Но это было лишь началом беспримерного труда. Бесчисленные листы исколотого иглою картона надо превратить в рукопись. И вновь – месяцы кропотливого труда. Ощупывая пальцами всё ещё непривычные дырочки букв, Вали диктует роман для переписки от руки своим близким, друзьям. Даже дети, едва выучившиеся читать и писать, усердно помогают слепому писателю, выводят строка за строкой свои каракули. Сохранившаяся рукопись романа – это не только гимн всепобеждающему труду. Это – гимн Великой человеческой дружбе.
Во время «перевода» романа на шрифт зрячих Вали продолжает совершенствовать рукопись: добивается того, чтобы архитектоника произведения обрела стройность, подчас заново перерабатывает целые главы, шлифует язык романа.
Наконец и эта работа завершена. Теперь надо показать роман опытным литераторам, посоветоваться с ними. Не без душевного трепета переступает Вали Гафуров порог Союза писателей Узбекистана. Что если всё написанное им с таким трудом окажется никому не нужным ворохом бумаги!
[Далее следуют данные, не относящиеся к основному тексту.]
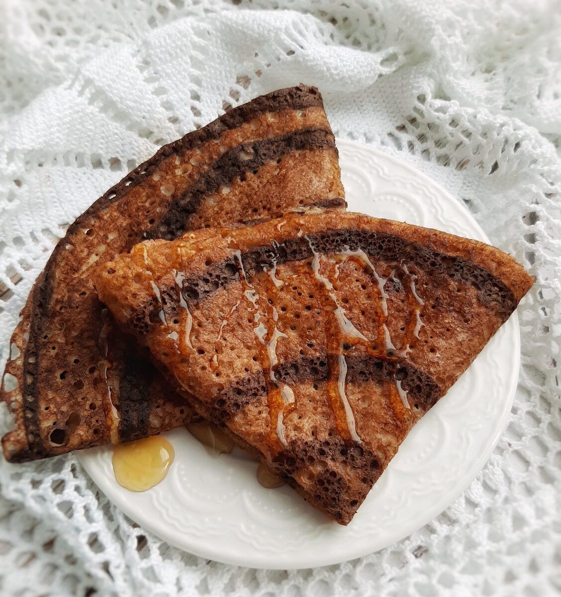 🌞КБЖУ на 100 г.: 192.7 ккал 8/7.6/22.8 Выход: 380 г., 8 шт. 🌞Ингредиенты: Молоко 2.5% - 200 г. Яйцо куриное - 2 шт. Мука Рисовая - 50 г. Мука Цельнозерновая - 50 г. Вода (кипяток) - 200 г. Масло оливковое - 10 г. Кероб или Какао-порошок - 10 г. Разрыхлитель - 5 г. (1 ч.л.) Подсластитель - 6 г. Щепотка соли. 🌞 Приготовление: 1️⃣ В миске смешиваем: два яйца, 200 г. молока, два вида муки по 50 г., чайную ложку разрыхлителя и 6 г. подсластителя. 2️⃣ Вливаем кипяток (200 г.) и перемешиваем. 3️⃣ Добавляем 10 г. масла и снова перемешиваем. 4️⃣ Четверть теста откладываем в другую миску. Добавляем 10 г. кероба или какао и перемешиваем. 5️⃣ Перекладываем шоколадное тесто в любую удобную ёмкость, пакетик или мешочек, у меня одноразовый кондитерский мешок. 6️⃣ Сковороду хорошо разогреваем и рисуем шоколадным тестом узор, любой на свой вкус. Тесто довольно жидкое, поэтому рисовать нужно быстро🙂 7️⃣ Сразу же наливаем белое тесто и размазываем его по сковороде. Сковорода должна быть хорошо нагр
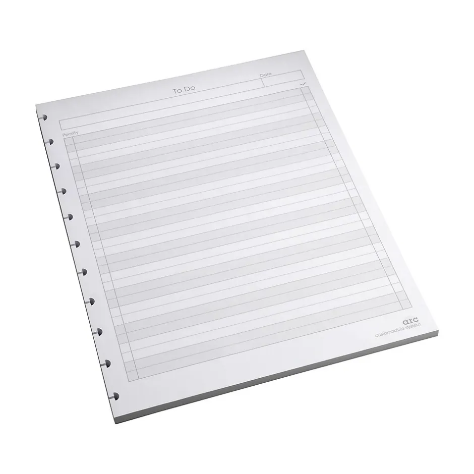 Complete your Staples Arc binder system with this To-Do filler paper. The form-style pages feature spaces to assign priority levels and write down lists of actionable items, and the white background helps writing stand out for better readability. This Staples Arc white filler paper features heavyweight construction for long-lasting durability, so the pages can be easily filed away for future reference.

Литературный консультант писательского Союза Вахаб Рузиметов, увидев перед собой груду разнокалиберных листочков, испещрённых убористыми буковками, неразборчивой скорописью, каракулями, мысленно схватился за голову. Как всё это прочитать, проанализировать, оценить? Однако стоило ему пробежать глазами страничку, другую, как он уже не мог оторваться от рукописи. Странички повествовали о трагической и прекрасное жизни.
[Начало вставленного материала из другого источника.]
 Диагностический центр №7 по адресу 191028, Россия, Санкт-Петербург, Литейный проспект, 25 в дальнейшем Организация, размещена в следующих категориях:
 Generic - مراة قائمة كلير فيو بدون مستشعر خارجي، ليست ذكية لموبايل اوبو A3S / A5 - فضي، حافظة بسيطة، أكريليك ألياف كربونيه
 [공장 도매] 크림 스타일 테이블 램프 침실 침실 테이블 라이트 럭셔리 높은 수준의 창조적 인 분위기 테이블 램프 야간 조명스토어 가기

Романом Вали Гафурова заинтересовался известный узбекский прозаик Шухрат. Сам в прошлом фронтовик, прошедший суровую школу войны, он помог автору литературно обработать рукопись, подготовить её к печати. И вот роман «Верная» публикуется и журнале «Шарк Юлдузи», а затем выходит на узбекском языке отдельной книгой. Он сразу же нашёл своего благодарного и многочисленного читателя, увидевшего в герое романа – Рустаме Шакирове – и авторе романа людей, продолжающих бессмертный подвиг Павла Корчагина – Николая Островского.
Казалось бы, все трудности позади, роман увидел свет, теперь можно и отдохнуть. Но не таков Вали Гафуров. Как только возникла проблема перевода его романа на русский язык – он снова весь в работе. Надо переписать некоторые батальные сцепы, читатели советуют сделать книгу более динамичной. Лучшее – враг хорошего, поэтому надо работать, работать. Это долг писателя – улучшать свою рукопись. Да и само название романа – «Верная» не вполне охватывает содержание. Роман повествует не только о любви, прошедшей испытания войной. В романе показаны простые люди, стоящие насмерть в борьбе против фашизма, превратившие подвиг в норму поведения.
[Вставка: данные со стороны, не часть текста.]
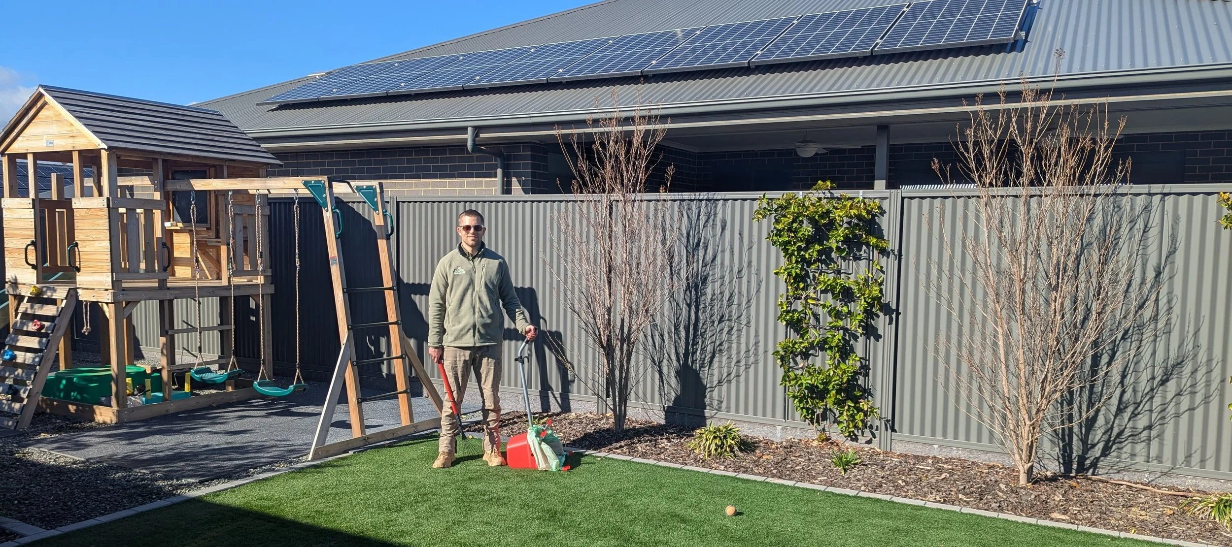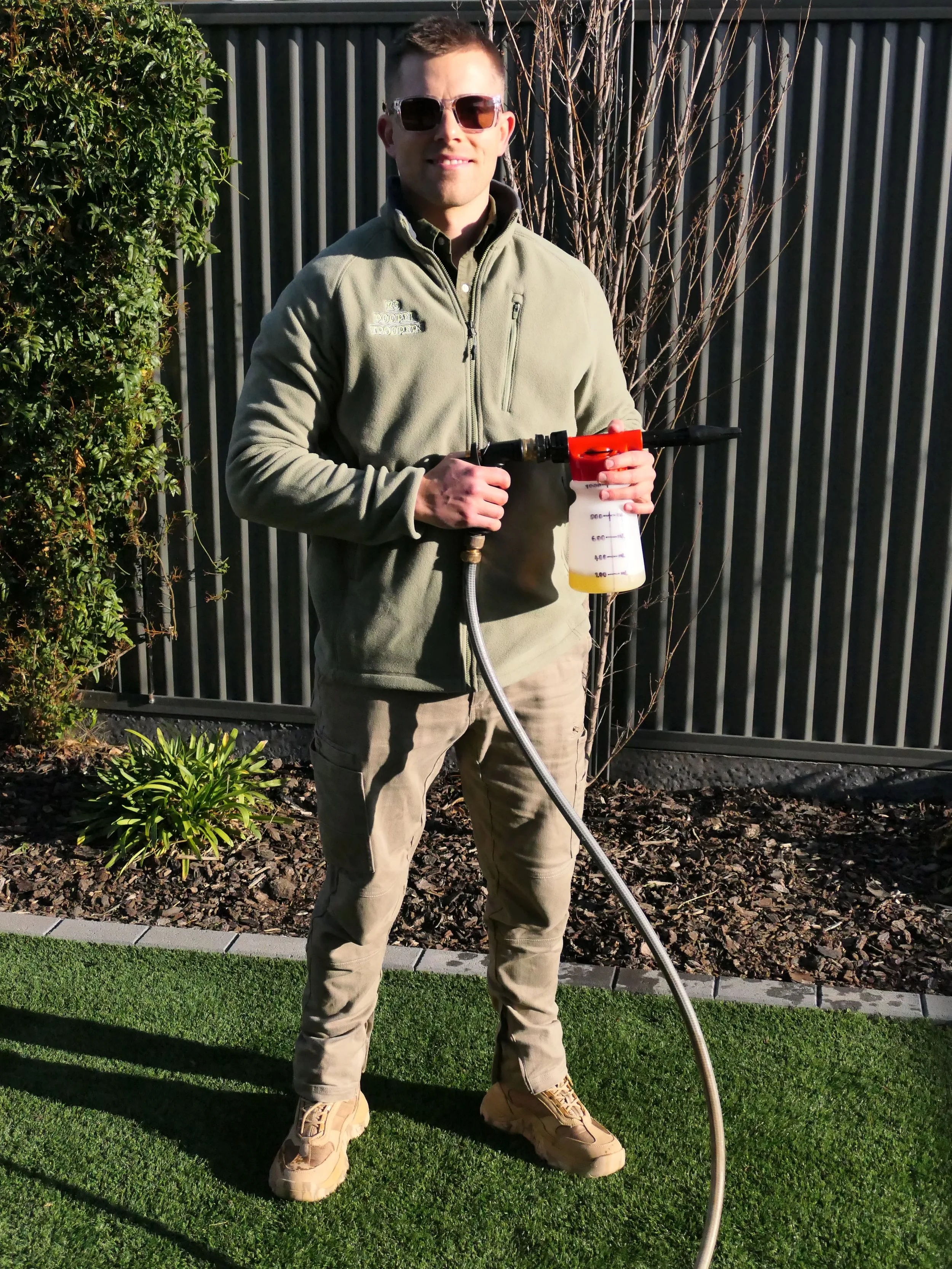 When your outdoor spaces need backup beyond basic scooping, our Sanitising & Deodorising treatment steps in. This service is suitable for artificial surfaces and hardscapes, such as artificial grass, concrete, pavers, decking, or tiles. We deploy XO2® 5 in 1 Commercial Grade Disinfectant & Cleaner in the Lemongrass fragrance—an Australian-made solution that’s declared safe for humans, pets, and surfaces when used as directed. It contains NO phenolics, chlorine, or toxic chemicals. However, plant safety isn’t guaranteed, so care is taken during deployment. XO2 5 in 1 has been tested and proven effective against E. coli and Staphylococcus aureus in controlled lab conditions under TGA standards.

Так рассуждает Вали Гафуров, продолжая работать над рукописью уже вместе с переводчиком. Он предлагает всё новые и новые варианты глав, делает более лаконичными диалоги, более тщательно выписывает образы героев.
Вот и эта огромная работа завершена. В русском переводе рукопись называется «Роман, написанный иглой». Писатель посчитал, что бывший подзаголовок – подлинное имя его книги. Это название с подтекстом придаёт художественному произведению обаяние достоверности жизненного факта. Жизнь Корчагина не совпадает в мельчайших подробностях с жизнью Николая Островского. Точно так же не следует искать полнейшей аналогии между Рустамом Шакировым – героем «Романа, написанного иглой» и его автором. Художник её фотографирует жизнь, но типизирует её, вместо плоскостного изображения жизненного факта «от сих и до сих» рисует подлинную, объёмную картину, выводя её за рамки так называемого «жизненного случая».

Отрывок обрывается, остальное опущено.